Novel Cross-Species Neurophysiological Assays of Reward and Cognitive Domains

Mass General Brigham

Status

Completed

Conditions

Translational Electrophysiology

Treatments

Drug: Methylphenidate

Study type

Observational

Funder types

Other

Identifiers

NCT02855229

2015P001757/MGH

Details and patient eligibility

About

The overarching goal of this multi-disciplinary research program is to develop and optimize new cross-species translational assessments of reward and cognition that will not only be assessed in parallel in humans and rats, but also produce neurophysiological and behavioral metrics that can be objectively compared across species. The research will build on prior studies by further developing and optimizing (in Phase 1), then validating via pharmacological challenge (in Phase 2), the following assays in both humans and rats:

advanced neurophysiological and computational modeling techniques to record and analyze EEG activity within and across species; and
behavioral assessments of reward learning, cognitive control, and cognitive flexibility will be analyzed within and across species.
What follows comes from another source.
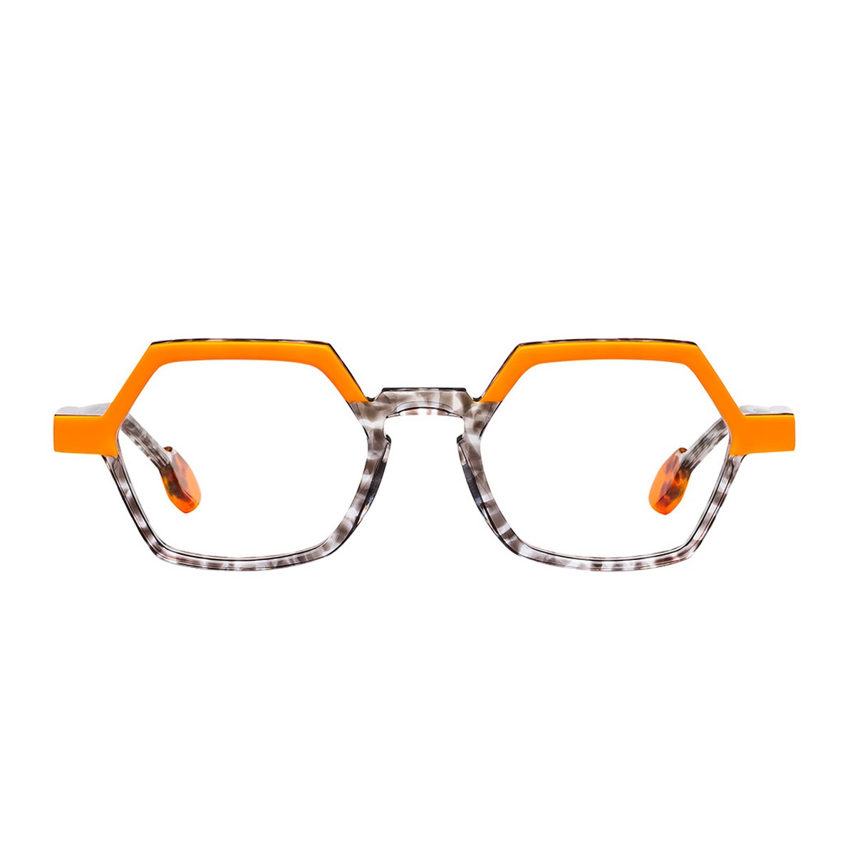 The Cantedi optical model by Matttew, a Belgian brand founded by Matthieu Duchêne and renowned for its handcrafted frames made in France, combines creativity and high quality in a design with strong visual impact.The two-tone acetate frame, with a vibrant orange upper front and a transparent crystal grey lower section, stands out for its bold geometric shape that enhances facial features with originality. The transparent grey temples with orange end tips echo the front design, ensuring lightness, comfort, and stylistic harmony.

The second phase of the study will test the translational validity of these assays, by assessing the impact of a targeted drug on task performance and EEG activity in both species.

Full description

The overarching goal of this multi-disciplinary research program is to develop and optimize new translational assessments of reward and cognition that will produce neurophysiological and behavioral metrics that enable objective comparison of drug effects.

Phase 1 (2016-2018) will seek to develop and optimize computer-based tasks to measure of reward learning and cognition, to be administered during an EEG examination. Each participant will be asked to come for a single visit to complete a brief psychological assessment (interview and surveys), then perform two of the computer-based tasks while EEG data are collected. The three tasks are the Flanker Task, the Reversal Learning Task, and the Probabilistic Reward Task (PRT).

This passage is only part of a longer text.